After completion of administration of the medicinal solution M, the engaging chips 98 of the plunger 82 move toward the perpendicular portions 112 while rotating along the inclined portions 114. The engaging chips 98 of the plunger 82 move along the perpendicular portions 112, thereby moving again in the axial direction toward the distal direction (direction of arrow B). As illustrated in FIG. 20B, distal surfaces of the engaging chips 98 moved along the perpendicular portions 112 of the introducing grooves 108 come into contact with distal edges of the perpendicular portions 112, which causes a second notification sound, or a sound of contact (click).
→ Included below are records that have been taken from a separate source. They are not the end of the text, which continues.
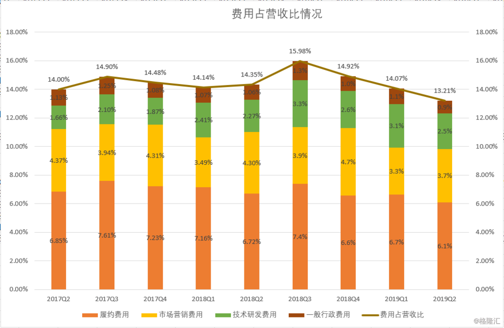 京东第三方物流订单的增长带动了履约效率进一步提升,履约费用率下降至6.1%。而从整个费用情况来看,京东各方面费用占营收比均有下降,总费用占营收比重为13.21%,已降至近两年最低。
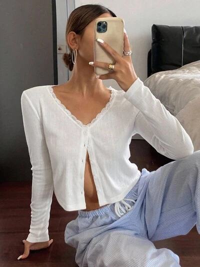 Damski kardigan z długim rękawem i dekoltem w serek, koronkowy panel z przodu, dopasowany, jesienne ubrania damskie-46%
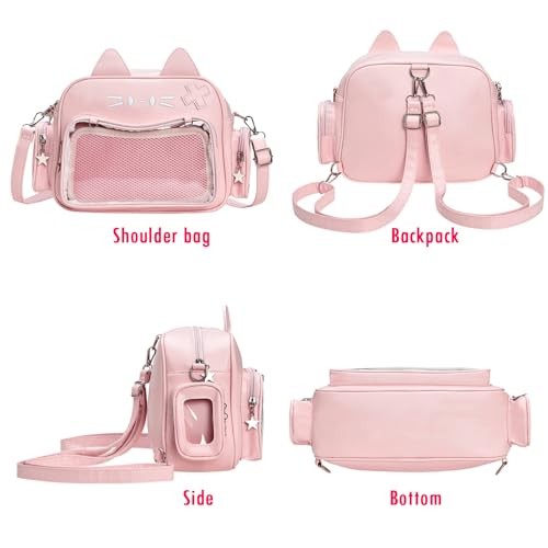 🎀 ITA BAG MATERIAL: Crafted from premium PU leather and PVC, this ita handbag boasts durable quality you can rely on. All zippers glide smoothly and work flawlessly, paired with excellent craftsmanship for long-lasting use.🎀 ITA BAG DIMENSIONS: The stylish backpack dimensions is 12"(L)x4.7"(W) x 7.8"(H) . There are planty space inside. It can easily fit a phone, Water bottle, ect. And the open pocket can hold keys or cards.🎀 STRUCTURE: Features a clear front window—perfect for showcasing your pi
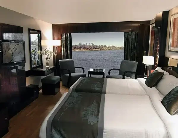 Le Fayan Nile Cruise offers an ultra-modern and luxurious journey along the timeless Nile River between Luxor and Aswan. Designed with a contemporary aesthetic and cutting-edge amenities, this elegant floating hotel stands out with its sleek architecture and spacious cabins featuring floor-to-ceiling windows for panoramic river views. The cruise provides 5-star comfort and personalized service, blending modern hospitality with the romance of ancient Egypt. Guests can enjoy gourmet dining, a large sun deck with a swimming pool, a fully equipped gym, and a chic lounge bar. Le Fayan Nile Cruise is perfect for travelers seeking a sophisticated, intimate, and stylish Nile cruise experience while exploring world-famous sites like Karnak Temple, Valley of the Kings, Kom Ombo, and Philae Temple.
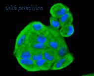 ICC staining of Smad1 in MCF-7 cells (green). Formalin fixed cells were permeabilized with 0.1% Triton X-100 in TBS for 10 minutes at room temperature and blocked with 10% negative goat serum for 15 minutes at room temperature. Cells were probed with the primary antibody (ET1612-39, 1/50) for 1 hour at room temperature, washed with PBS. Alexa Fluor®488 conjugate-Goat anti-Rabbit IgG was used as the secondary antibody at 1/1,000 dilution. The nuclear counter stain is DAPI (blue).
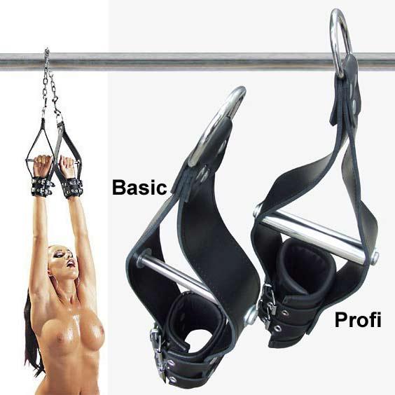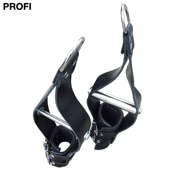 Padded, adjustable leather sleeves in black with stainless steel handles. Supports up to 100 kg. Double snap hook and chains not included. Available in semi-professional version from with leather polstering inside and wide stainless steel handle for more comfort.
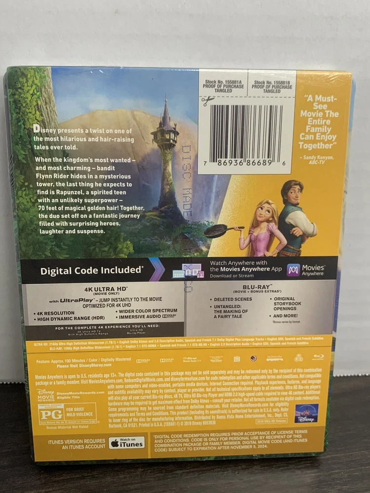 Experience the magic of Disney's Tangled with this 4K UHD Blu-ray set, including the original theatrical version and a digital code for convenient viewing on your favorite device. This steelbook edition is a must-have for any Disney fan or collector, and features stunning visuals and heart-sung lyrics from the beloved animated film. Immerse yourself in the world of children's and family movies with this Disney Tangled set, perfect for a family movie night or a gift for a young fan. With the latest technology from Best Buy, this set is sure to provide a high-quality viewing experience that will transport you to the enchanted world of Tangled.
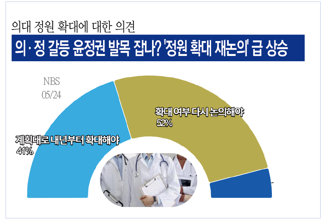 NBS¿¡¼ Áö³ 5ÀÏ ¹ßÇ¥ÇÑ ¿©·ÐÁ¶»ç¿¡¼µµ ¡¸ÀÇ»ç Á¤¿ø È®´ë ¿©ºÎ¸¦ ´Ù½Ã ³íÀÇÇØ¾ß¡¹ÇÑ´Ù´Â ÀÀ´äÀÌ °ú¹ÝÀ» ³Ñ´Â 52%¸¦ ±â·ÏÇß´Ù.
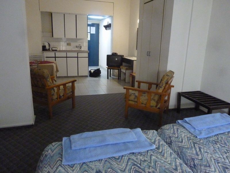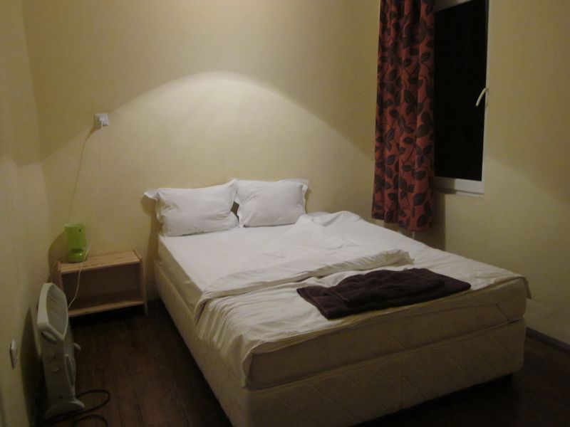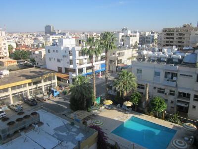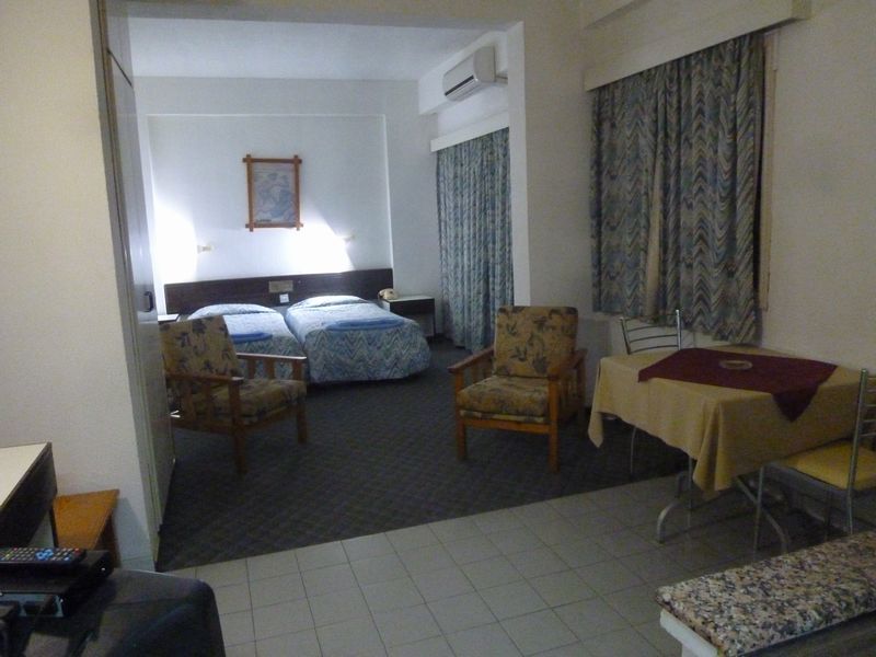 Booking.comで予約しました。ラルナカ市内中心部からは、国道沿いを歩いて15分くらいかかるので、目抜き通りという訳ではありませんが、ツイン1泊26ユーロでリーズナブル。アパートメントをホテルに改装していて、建物自体は古いですが、部屋にはキッチンもあり、かなり広いです。プールもあるし、近くにはタベルナ(レストラン)やコンビニ、向かいにはネットカフェもあり、旅に必要なものはそろっています。
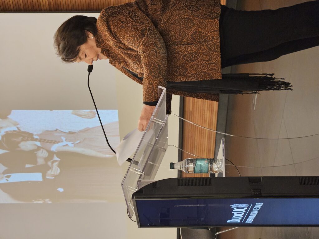 Durante la ceremonia, María Eugenia Carbone, presidenta del Directorio de la Fundación Hogar Catequístico, ofreció una semblanza sobre la vida y legado de Elisa Valdés, destacando su dedicación a la educación religiosa y su ejemplo de servicio.
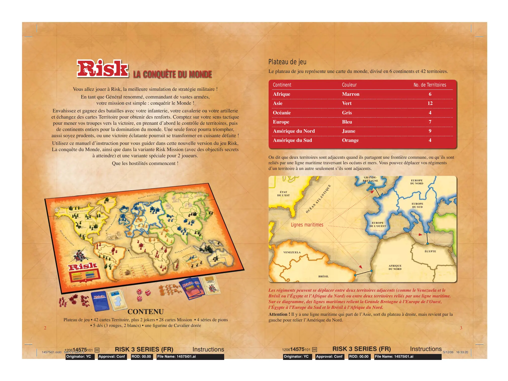 RISK 3 SERIES (FR) Approval: Conf ROD: 00.00 Instructions File Name: 14575i01.ai Attention ! Il y a une ligne maritime qui part de l’Asie, sort du plateau à droite, mais revient par la gauche pour relier l’Amérique du Nord.
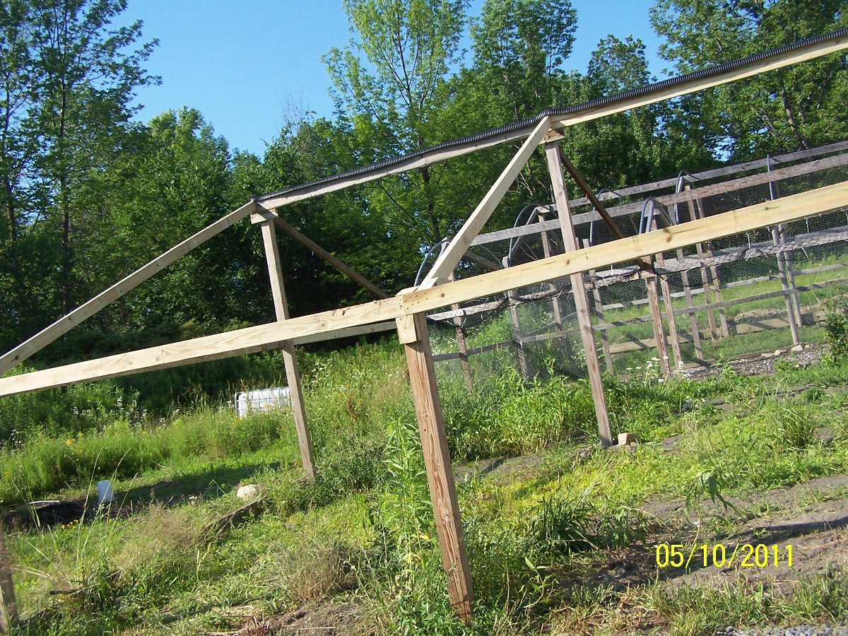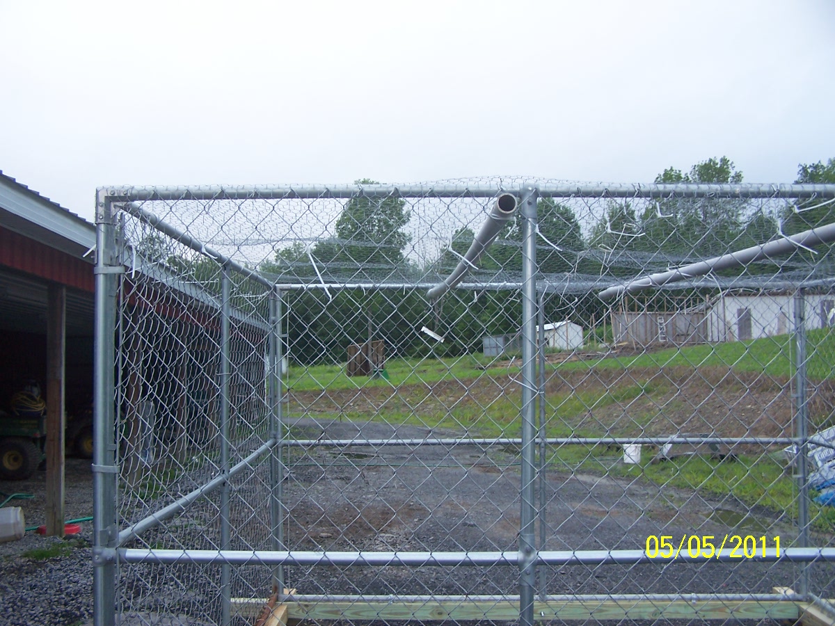 I have kennels laying all over the place not really what I want to use for dogs. But make a great chicken or duck tractor. this was what we did last weekend. The sched 80 is good for frame for chicken wire. If I wish to place tarp on the sched 80 will hold it when it rains. We placed eye hooks to drag to fresh place every day. Cuts down food by 30%. Great to reseed after a move. Throwing in some glover and Timothy and a little lime as it is already Fertile Ground. Great pasture not bad for hay and does not grown real high.
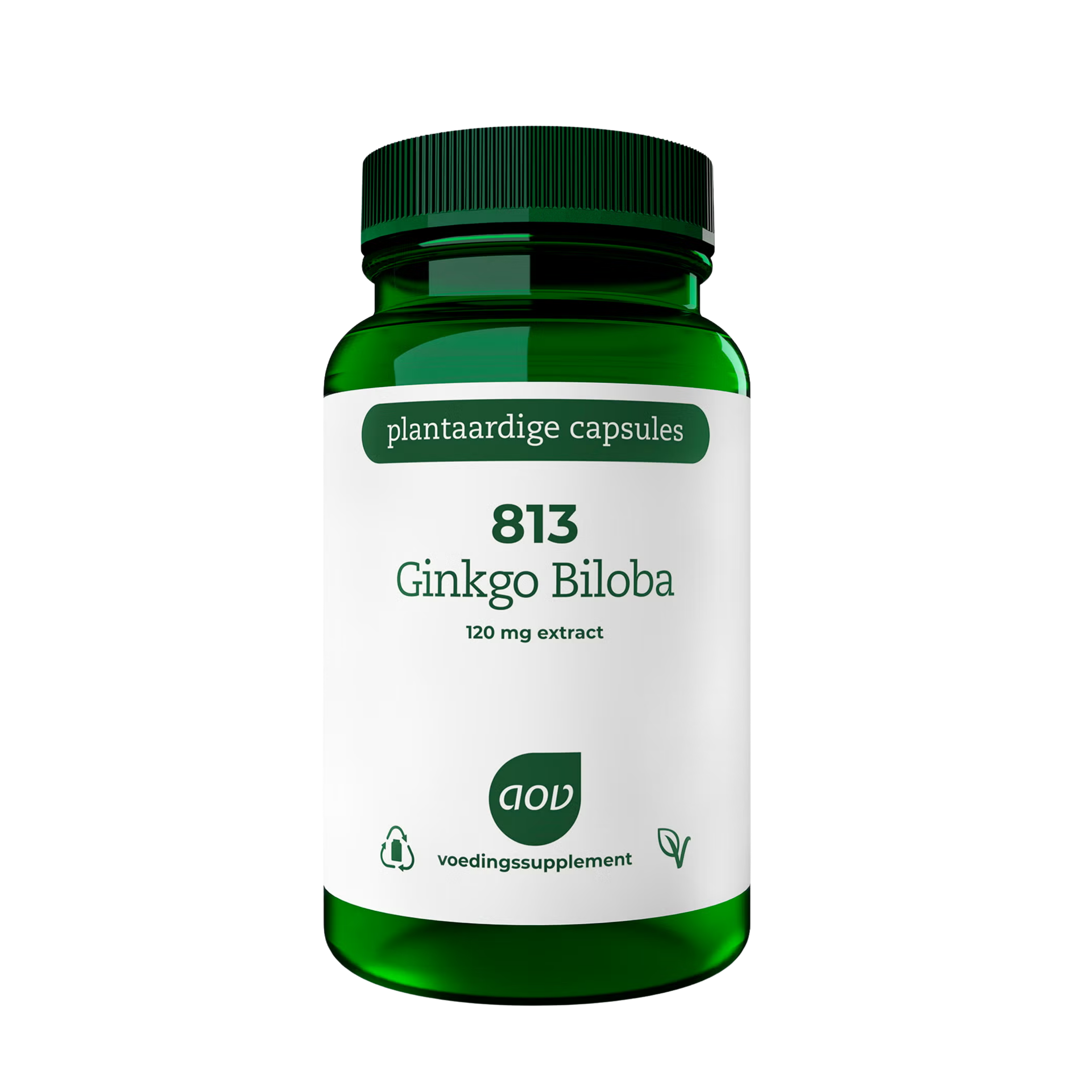 Ginkgo Biloba extract is afkomstig van de gelijknamige Japanse Tempelboom. Het extract wordt gewonnen uit de gedroogde groene bladen van de Ginkgoboom. 813 Ginkgo Biloba-extract bevat per dagdosering (2 vegacaps) 240 mg gestandaardiseerd Ginkgo biloba-extract. Het gebruik van Ginkgo Biloba-extract tijdens de zwangerschap of borstvoeding wordt afgeraden. KAG-nr. 431-0421-7602
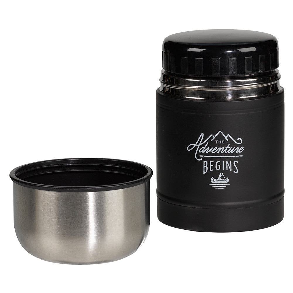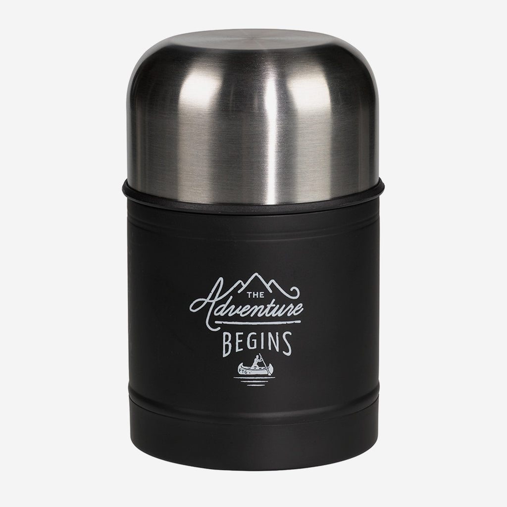 A simple solution to an age-old dining dilemma. Now you can take soups and stews with you wherever you go, in this wide-neck flask with clever lid that also doubles up as a small bowl. Comes with a smart matte black finish, brushed aluminium lid, and the words “The Adventure Begins”.
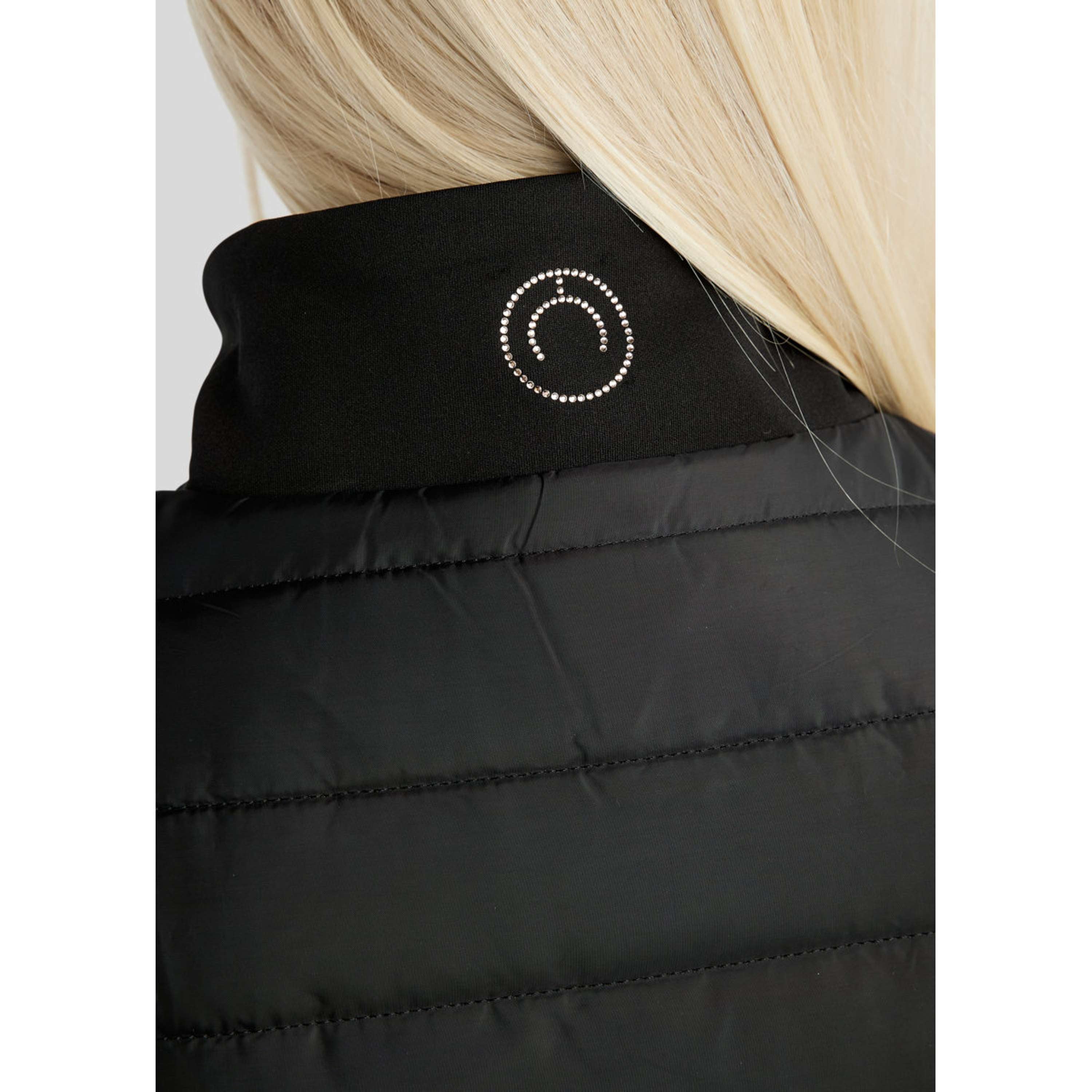 La giacca presenta un bellissimo davanti e retro trapuntato combinato con maniche softshell morbide e pannelli laterali. Sul petto, Montar è scritto in piccoli ed eleganti cristalli color champagne, conferendo alla giacca un'espressione esclusiva e femminile. Nel collo, un logo di cristallo abbinato adorna il colletto, completando il look stiloso.

After completion of administration of the medicinal solution M, the second notification sound is generated a predetermined time later. The second notification sound enables the patient to recognize the completion of medicinal solution administration to the affected area (skin S). After the patient recognizes the second notification sound, the patient separates the medicinal solution administration device 10 from the affected area.

In other words, after the completion of medicinal solution administration by the medicinal solution administration device 10, the plunger 82 is rotated by the guiding grooves 70 of the end guide 68 to decelerate the moving speed in the axial direction. This delays the time for the gasket 106 of the top 88 connected to the plunger 82 to reach the distal end of the barrel 124. After completion of medicinal solution administration, the second notification sound is generated a predetermined time later to notify the completion of medicinal solution administration.

When the patient releases a pressing force of the medicinal solution administration device 10 against the skin S, the sliding member 64 is biased toward the distal end by an elastic force of the sleeve spring 42 as illustrated in FIG. 37. The distal end of the sliding member 64 is in contact with the ribs 119a (see FIG. 11) of the needle cover 14, whereby the sliding member 64 pushes the needle cover 14 in the distal direction and moves in the distal direction relative to the casing 12 together with the needle cover 14. The needle cover 14 moves to a position where the distal end of the needle cover 14 moves further in the distal direction than the puncture needle 126. Accordingly, the puncture needle 126 is completely covered by the needle cover 14.

As illustrated in FIG. 38, the protruding pieces 642 of the sliding member 64 are engaged with the protrusive portions 48a of the locking pin 44, and the locking pin 44 moves in the distal direction (direction of arrow B) together with the sliding member 64. With the movement of the locking pin 44 in the distal direction, the locking claws 62 are engaged with the locking grooves 40 of the sleeve body 22. Accordingly, the movement of the locking pin 44 in the proximal direction relative to the sleeve body 22 is restricted. The sliding member 64 abuts on the arms 48 of the locking pin 44, and the movement of the sliding member 64 in the proximal direction is also restricted. The extending portions 119 (ribs 119a) of the needle cover 14 abut on the distal end of the sliding member 64, and the movement of the needle cover 14 in the proximal direction is also restricted.

The needle cover 14 is restricted from moving in the proximal direction. For this reason, even when a force in the proximal direction acts on the needle cover 14, the puncture needle 126 is secured and not exposed to the outside from the needle cover 14.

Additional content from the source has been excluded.